I / O operands now refer to stack / instruction pointers for kernel threads. Previously, context switches referred to stack pointers from TSS.

Linux 2.4.0 (C)
/** arch/i386/kernel/process.c */
void __switch_to(struct task_struct *prev_p, struct task_struct *next_p)
{
	struct thread_struct *prev = &prev_p->thread,
				 *next = &next_p->thread;
	struct tss_struct *tss = init_tss + smp_processor_id();
	unlazy_fpu(prev_p);
	tss->esp0 = next->esp0;
	asm volatile("movl %%fs,%0":"=m" (*(int *)&prev->fs));
	asm volatile("movl %%gs,%0":"=m" (*(int *)&prev->gs));
	/* Restore %fs and %gs. */
	loadsegment(fs, next->fs);
	loadsegment(gs, next->gs);
	/* Now maybe reload the debug registers */
	if (next->debugreg[7]){
		loaddebug(next, 0);
		loaddebug(next, 1);
		loaddebug(next, 2);
		loaddebug(next, 3);
		/* no 4 and 5 */
		loaddebug(next, 6);
		loaddebug(next, 7);
	}
	if (prev->ioperm || next->ioperm) {
		if (next->ioperm) {
			memcpy(tss->io_bitmap, next->io_bitmap,
				 IO_BITMAP_SIZE*sizeof(unsigned long));
			tss->bitmap = IO_BITMAP_OFFSET;
		} else
			tss->bitmap = INVALID_IO_BITMAP_OFFSET;
	}
}

In part of the C code, several things have changed.
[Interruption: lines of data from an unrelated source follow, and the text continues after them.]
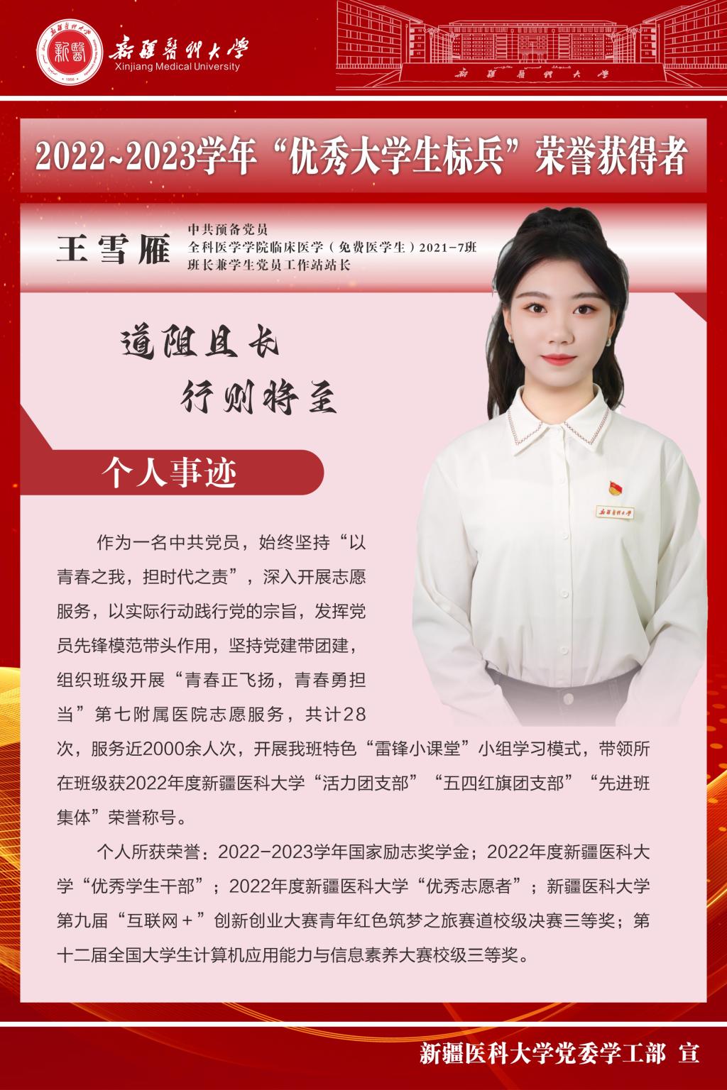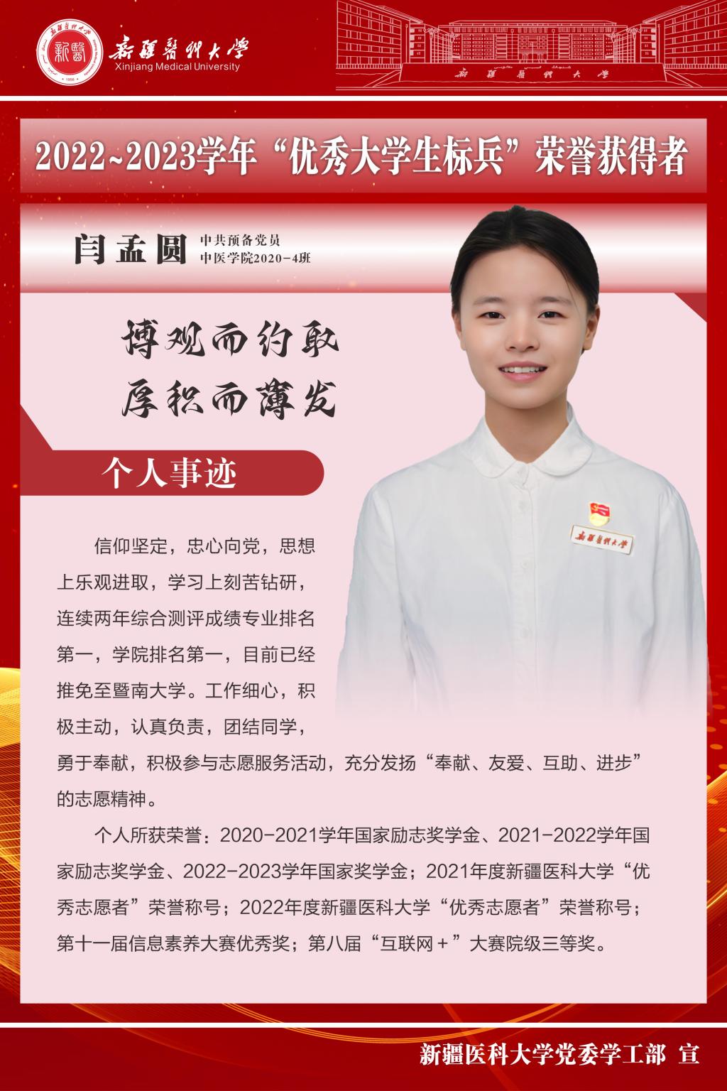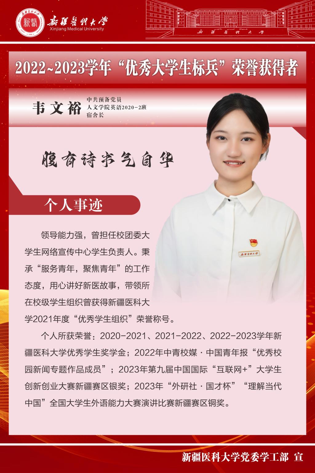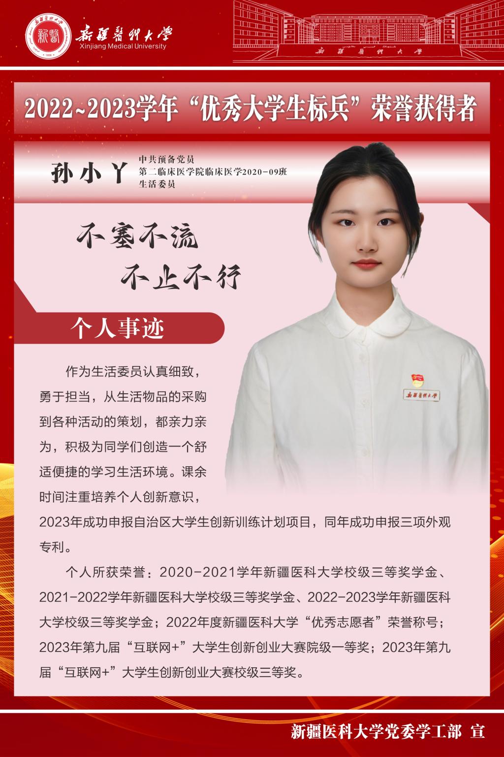这一年的步伐,新医人走得坚实有力,见神采、显底气,广大新医学子用踔厉奋发、拼搏奋进、团结奋斗的自信和力量,创造了2023年的优异成绩,书写了成长之路的美好篇章。为积极引导广大新医学子牢记初心使命、展现青春风采,表彰过去一年学校涌现出的政治立场坚定、道德品质高尚、学习成绩优异、学术行为端正、科研创新能力突出,德智体美劳全面发展的优秀集体和个人。今天学校官微推出beat365中文官方网站2022-2023学年“优秀大学生标兵”。
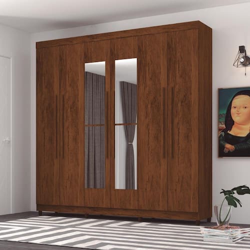 Produzido em MDP, o Guarda Roupa conta com 6 Portas, 2 Gavetas internas com corrediças metálicas, Cabideiro e calceiro em alumínio, Pés de madeiraopcional na montagem, Puxadores em MDF com design moderno.
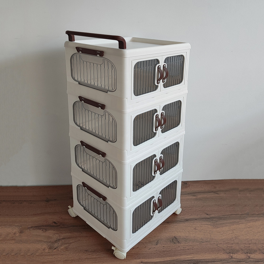Шкаф пластиковый 4 секции 475*300*1190 мм на колесах прозрачно белый Baizheng

Any mention of the TR register has disappeared; instead, we directly change the active TSS for the current processor. As in the inline assembler, each task references the TSS data in the thread_struct inside the task_struct. Each active CPU uses a dedicated TSS from the GDT and directly updates these fields.

void __switch_to(struct task_struct *prev_p, struct task_struct *next_p)
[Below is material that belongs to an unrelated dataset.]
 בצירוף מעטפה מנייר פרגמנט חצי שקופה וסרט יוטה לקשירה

A suffix has been added to the pointers to the previous and next tasks _p. This is a small but important nuance because prevand nextgoing to convert to kernel threads.
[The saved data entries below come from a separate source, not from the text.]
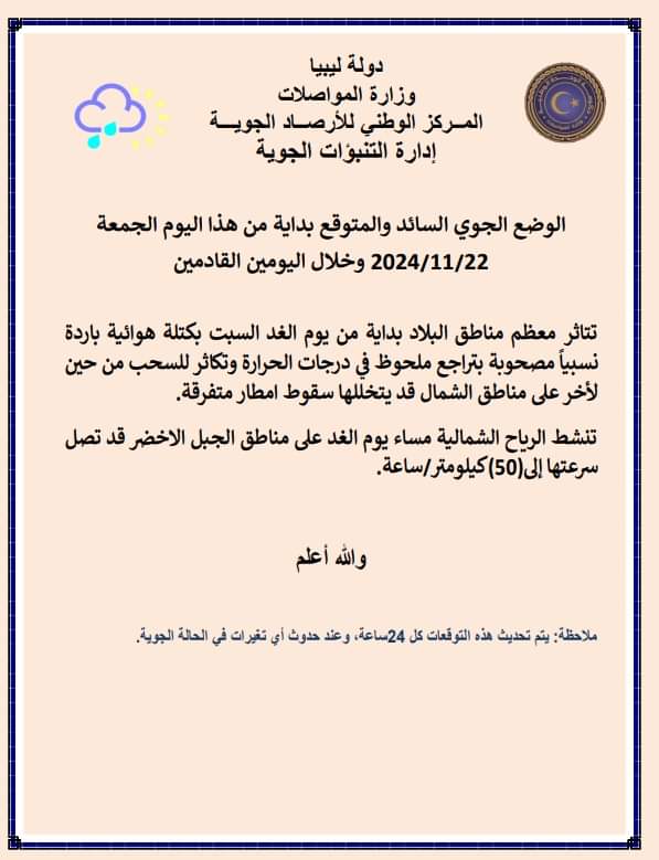 أفاد مركز الأرصاد الجوية بتكاثر السحب من حين لآخر على بعض مناطق شمال ليبيا مع فرصة لسقوط أمطار خفيفة هذا اليوم على المنطقة الممتدة من بنغازي إلى الجبل الأخضر.
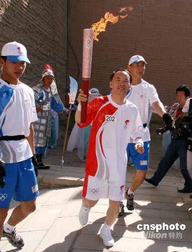 韩国籍第202棒火炬手李贤求在嘉峪关关城内进行传递。中新社发 周兆军 摄
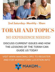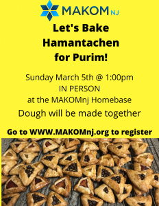 Get to know the MAKOMnj community in a more intimate way at a casual potluck Shabbat dinner.  Dinner is called for 6:30 pm at Rabbi Miller’s home. We begin with the traditional Shabbat blessings and then a delicious meal! MAKOMnj will cook the chicken and bake the challah.

struct thread_struct *prev = &prev_p->thread,
         *next = &next_p->thread;

Pointers to TSS data for each task are determined.

tss->esp0 = next->esp0;

Replacing the stack offset ring 0 offset from the new task. While not forcing the reload of the page table ...

asm volatile("movl %%fs,%0":"=m" (*(int *)&prev->fs));
asm volatile("movl %%gs,%0":"=m" (*(int *)&prev->gs));

Save FS and GS for the old task. The purpose of these segments is still not clear, but they are somehow used. Ultimately, in version 2.6, they are beginning to be used for the local FS: thread storage and the GS: per-processor data area.

if (prev->ioperm || next->ioperm) {
    if (next->ioperm) {
      memcpy(tss->io_bitmap, next->io_bitmap,
        IO_BITMAP_SIZE*sizeof(unsigned long));
      tss->bitmap = IO_BITMAP_OFFSET;

Sets the I / O permissions with port mapping in the active TSS service for the upcoming task.

} else
tss->bitmap = INVALID_IO_BITMAP_OFFSET;

Indicates I / O permissions for the active TSS on a known non-valid bitmap (0x8000).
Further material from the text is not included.